[Saved data entries]
============

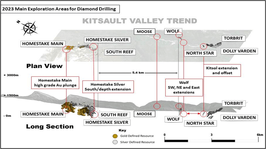 VANCOUVER, BC, April 24, 2023 – Vancouver, BC: Dolly Varden Silver Corporation (TSXV: DV) (OTC: DOLLF) (the “Company” or “Dolly Varden“) announces the 2023 Exploration Plans for the Kitsault Valley Project, which includes the Dolly Varden Silver property and Homestake Ridge Gold Silver property. A total of 40,000 to 45,000m of drilling is planned to build upon last year’s successes through further step outs following high grade silver and gold mineralization at the Wolf and Homestake Ridge deposits, as well as appropriately spaced exploration holes to allow the inclusion of new mineralization drilled over the past three drilling programs to be include in an updated Mineral Resource Estimate.
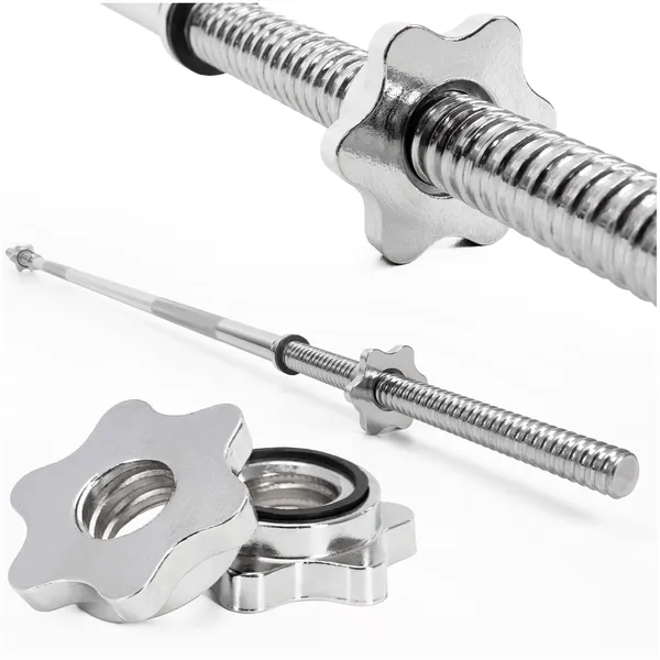 Masszív, krómozott acél egyenes súlyzórúd 25 mm-es tárcsákhoz, csúszásmentes fogással a stabilabb edzésért. A gumitömítéses csavaros zárak gyorsan rögzítik a súlyokat, csökkentik a lötyögést és biztonságosabbá teszik a sorozatokat otthon és teremben is.
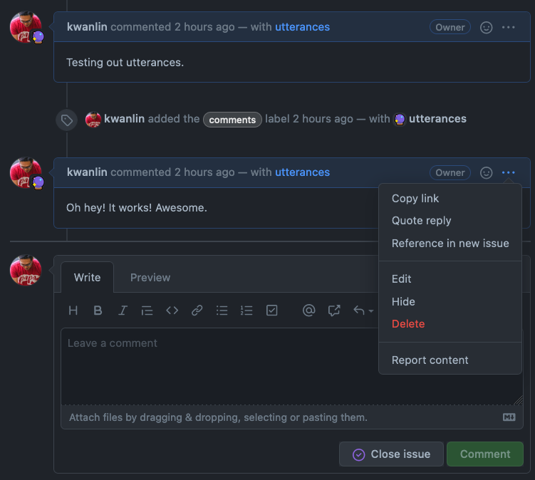 With that, the decision became clear: Utterances would be the way to implement commenting on this site.
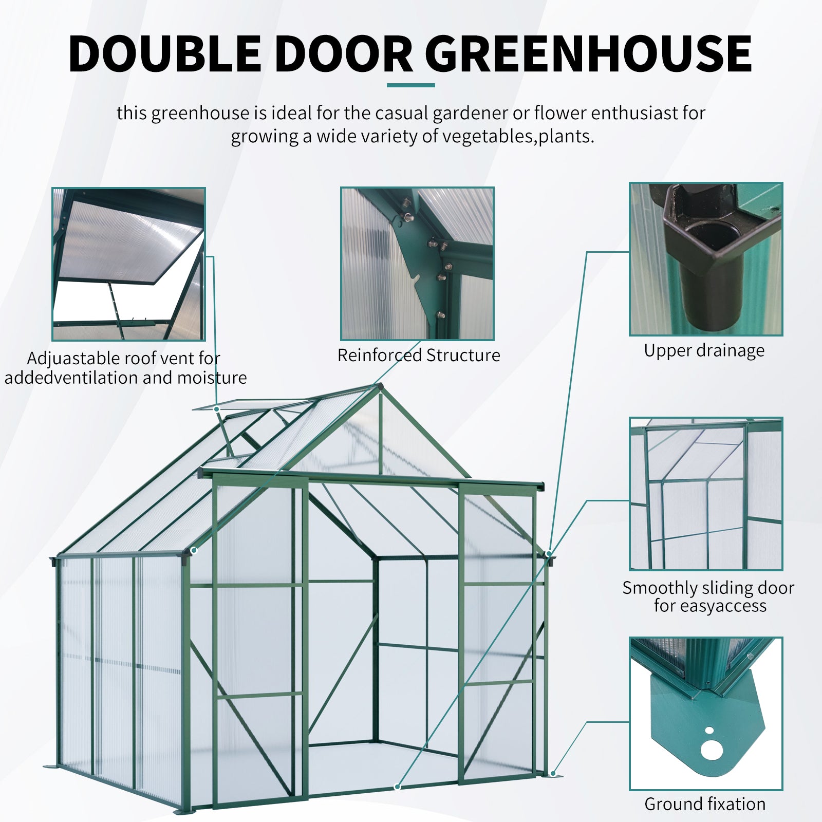 8X6FT-Green Double Door Polycarbonate Greenhouse Raised Base and Anchor Aluminum Heavy Duty Walk-in Greenhouses for Outdoor Backyard in All Season
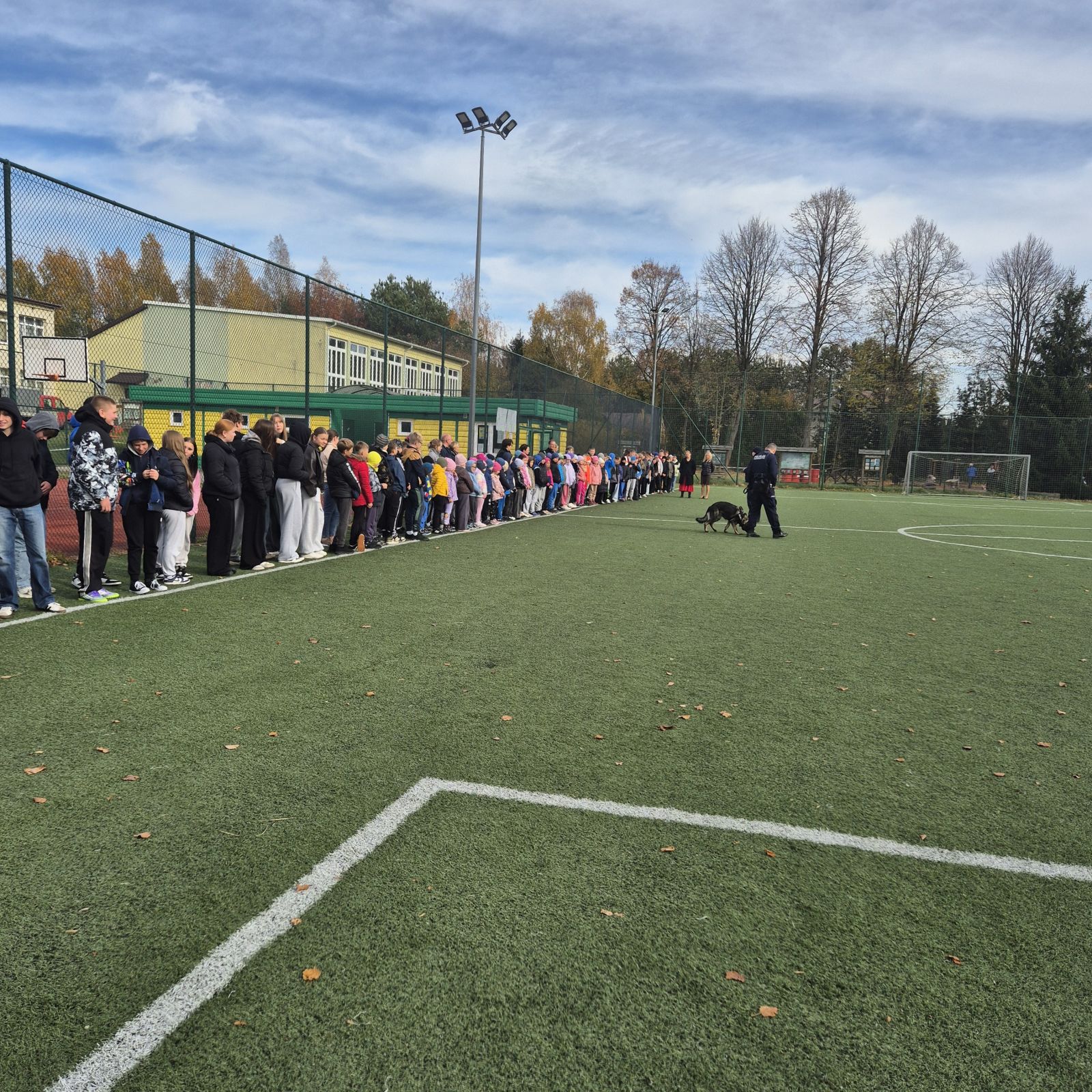 Dnia 30 października 2025r. dla uczniów z naszej szkoły zorganizowane zostało spotkanie z policjantami i psem policyjnym.

============

* Goal of the exercise:
Since the copy must contain no pictures, return only the text of the records, exactly as it stands.

* Your solution:
 VANCOUVER, BC, April 24, 2023 – Vancouver, BC: Dolly Varden Silver Corporation (TSXV: DV) (OTC: DOLLF) (the “Company” or “Dolly Varden“) announces the 2023 Exploration Plans for the Kitsault Valley Project, which includes the Dolly Varden Silver property and Homestake Ridge Gold Silver property. A total of 40,000 to 45,000m of drilling is planned to build upon last year’s successes through further step outs following high grade silver and gold mineralization at the Wolf and Homestake Ridge deposits, as well as appropriately spaced exploration holes to allow the inclusion of new mineralization drilled over the past three drilling programs to be include in an updated Mineral Resource Estimate.
 Masszív, krómozott acél egyenes súlyzórúd 25 mm-es tárcsákhoz, csúszásmentes fogással a stabilabb edzésért. A gumitömítéses csavaros zárak gyorsan rögzítik a súlyokat, csökkentik a lötyögést és biztonságosabbá teszik a sorozatokat otthon és teremben is.
 With that, the decision became clear: Utterances would be the way to implement commenting on this site.
 8X6FT-Green Double Door Polycarbonate Greenhouse Raised Base and Anchor Aluminum Heavy Duty Walk-in Greenhouses for Outdoor Backyard in All Season
 Dnia 30 października 2025r. dla uczniów z naszej szkoły zorganizowane zostało spotkanie z policjantami i psem policyjnym.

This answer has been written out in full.